Estimate | Std. Error | t value | Pr(>|t|) | |
---|---|---|---|---|
(Intercept) | 8.8909003 | 0.0062869 | 1414.2023188 | 0.0000000 |
Engine.Size | 0.0003853 | 0.0004828 | 0.7981271 | 0.4248225 |
Cylinders4 | -0.0024462 | 0.0017621 | -1.3882273 | 0.1651098 |
Cylinders5 | -0.0087866 | 0.0037248 | -2.3589530 | 0.0183525 |
Cylinders6 | 0.0017023 | 0.0019874 | 0.8565724 | 0.3917091 |
Cylinders8 | 0.0014074 | 0.0024929 | 0.5645555 | 0.5723933 |
Cylinders10 | 0.0025751 | 0.0036832 | 0.6991585 | 0.4844750 |
Cylinders12 | 0.0069161 | 0.0031714 | 2.1808187 | 0.0292283 |
Cylinders16 | 0.0392187 | 0.0102201 | 3.8374033 | 0.0001254 |
Fuel.TypeE | -0.4918855 | 0.0016804 | -292.7164834 | 0.0000000 |
Fuel.TypeN | -0.4798671 | 0.0166545 | -28.8129962 | 0.0000000 |
Fuel.TypeX | -0.1408340 | 0.0012992 | -108.4000411 | 0.0000000 |
Fuel.TypeZ | -0.1422930 | 0.0013150 | -108.2037891 | 0.0000000 |
log(Fuel.Consumption.mpg) | -0.9876379 | 0.0015084 | -654.7545995 | 0.0000000 |
When we consider the final model, we see that the vast majority of the p values for the predictors are very close to zero.H However, we can see that for certain values for the variable Cylinder and for the variable Engine.Size, the p value is very large. To further refine our model, we eliminate the variable Engine.Size.
Estimate | Std. Error | t value | Pr(>|t|) | |
---|---|---|---|---|
(Intercept) | 8.8929222 | 0.0057537 | 1545.601271 | 0.0000000 |
Cylinders4 | -0.0022700 | 0.0017482 | -1.298518 | 0.1941502 |
Cylinders5 | -0.0084924 | 0.0037064 | -2.291271 | 0.0219758 |
Cylinders6 | 0.0023103 | 0.0018355 | 1.258666 | 0.2081908 |
Cylinders8 | 0.0026302 | 0.0019665 | 1.337512 | 0.1810969 |
Cylinders10 | 0.0039587 | 0.0032496 | 1.218185 | 0.2231925 |
Cylinders12 | 0.0085298 | 0.0024433 | 3.491121 | 0.0004838 |
Cylinders16 | 0.0413837 | 0.0098533 | 4.199975 | 0.0000270 |
Fuel.TypeE | -0.4919640 | 0.0016775 | -293.273004 | 0.0000000 |
Fuel.TypeN | -0.4798481 | 0.0166541 | -28.812591 | 0.0000000 |
Fuel.TypeX | -0.1408128 | 0.0012989 | -108.409037 | 0.0000000 |
Fuel.TypeZ | -0.1423502 | 0.0013131 | -108.411220 | 0.0000000 |
log(Fuel.Consumption.mpg) | -0.9880461 | 0.0014190 | -696.289784 | 0.0000000 |
## Warning in sqrt(crit * p * (1 - hh)/hh): NaNs produced
## Warning in sqrt(crit * p * (1 - hh)/hh): NaNs produced
We write the final model explicitly as follows:
\(log(CO2 Emissions) = 8.893 - 0.00227 \times Cylinders4 - 0.00849 \times Cylinders5 + 0.00231 \times Cylinders6 + 0.00263 \times Cylinders8 + 0.00396 \times Cylinders10 + 0.00853 \times Cylinders12 - 0.492 \times Fuel.TypeE - 0.480 \times Fuel.TypeN - 0.141 \times Fuel.TypeX - 0.143 \times Fuel.TypeZ - 0.988 \times log(Fuel.Consumption.mpg)\)

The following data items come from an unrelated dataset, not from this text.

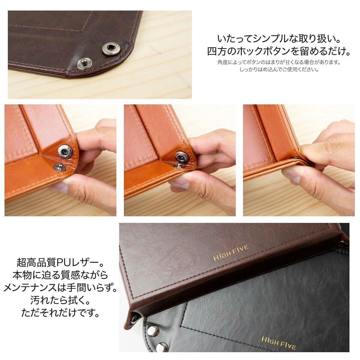 「[HIGH FIVE]長方形レザートレイ」は、シックなブラックカラーが魅力の仕切り付きトレーです。アクセサリー、腕時計、指輪、スマホ、鍵など、様々な小物を整理整頓でき、デスクや玄関、車内での使い勝手も抜群です。おしゃれで洗練されたデザインは、どんなインテリアにもマッチします。
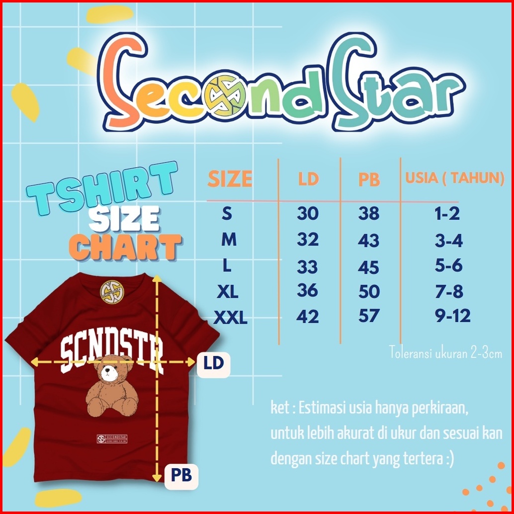 Secondstar Setelan Anak Laki-laki Perempuan Usia 1-10 Tahun Kaos Distro Dan Celana Pendek
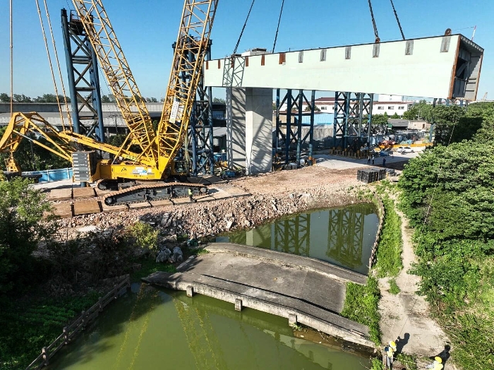 此次吊裝任務面臨嚴峻挑戰(zhàn):施工區(qū)域一側(cè)緊鄰湖泊,一側(cè)倚靠橋梁鋼立柱,周邊更有林木環(huán)繞,設備回轉(zhuǎn)半徑嚴重受限,空間調(diào)度堪稱“毫米級”較量。
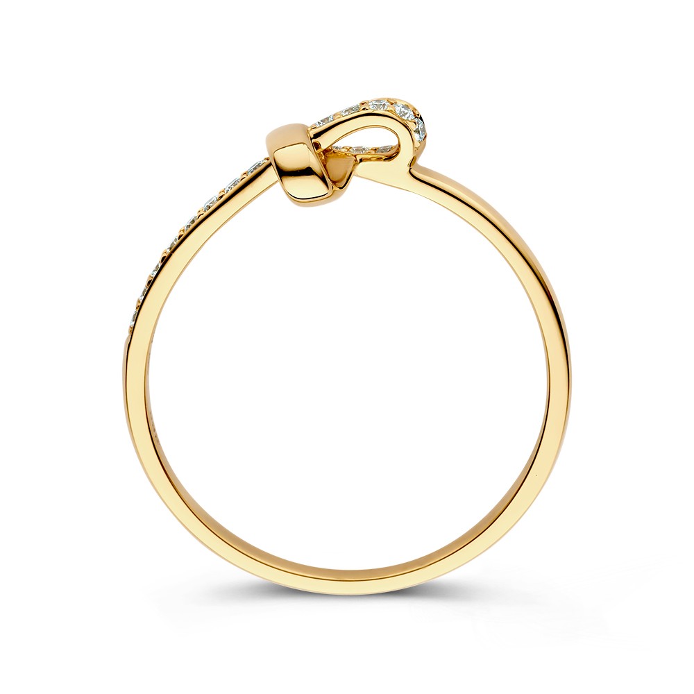 Deze elegante 14-karaats geelgouden ring straalt liefde en verfijning uit. Het subtiele hartjesontwerp in het midden maakt het een romantisch sieraad, perfect als cadeau of symbool van verbondenheid. De briljant geslepen diamant van 0,11 karaat zorgt voor een schitterende finishing touch. Tijdloos, stijlvol en met vakmanschap gemaakt.

The meaning of the coefficients holds that for every increase of one for the value of the predictor, the response variable will increase or decrease by the value of the coefficient (depending on if its value is positive or negative) with all other predictors held constant. For example, an increase of one for the value of log(Fuel.Consumption.mpg) corresponds to a decrease of 0.988 for the log of the CO2 emissions of the car in g/km.
We used the Box-Cox transformation, the square root transformation, and log transformation to create a model that best explains CO2 emissions for this dataset. In the process of creating our model, we remove several variables due to multicollinearity, and then removed the variable Engine.Size due to its high p-value. We selected our models based on their corresponding residual plots and goodness-of-fit measures.
Our final model still shows some variation in the variance of the residuals and slight violations to the assumption of normality, and also includes a selection of outliers such as observation 4084. Further model creation and analysis may be implemented to create a better model, as well as the implementation of bootstrapping.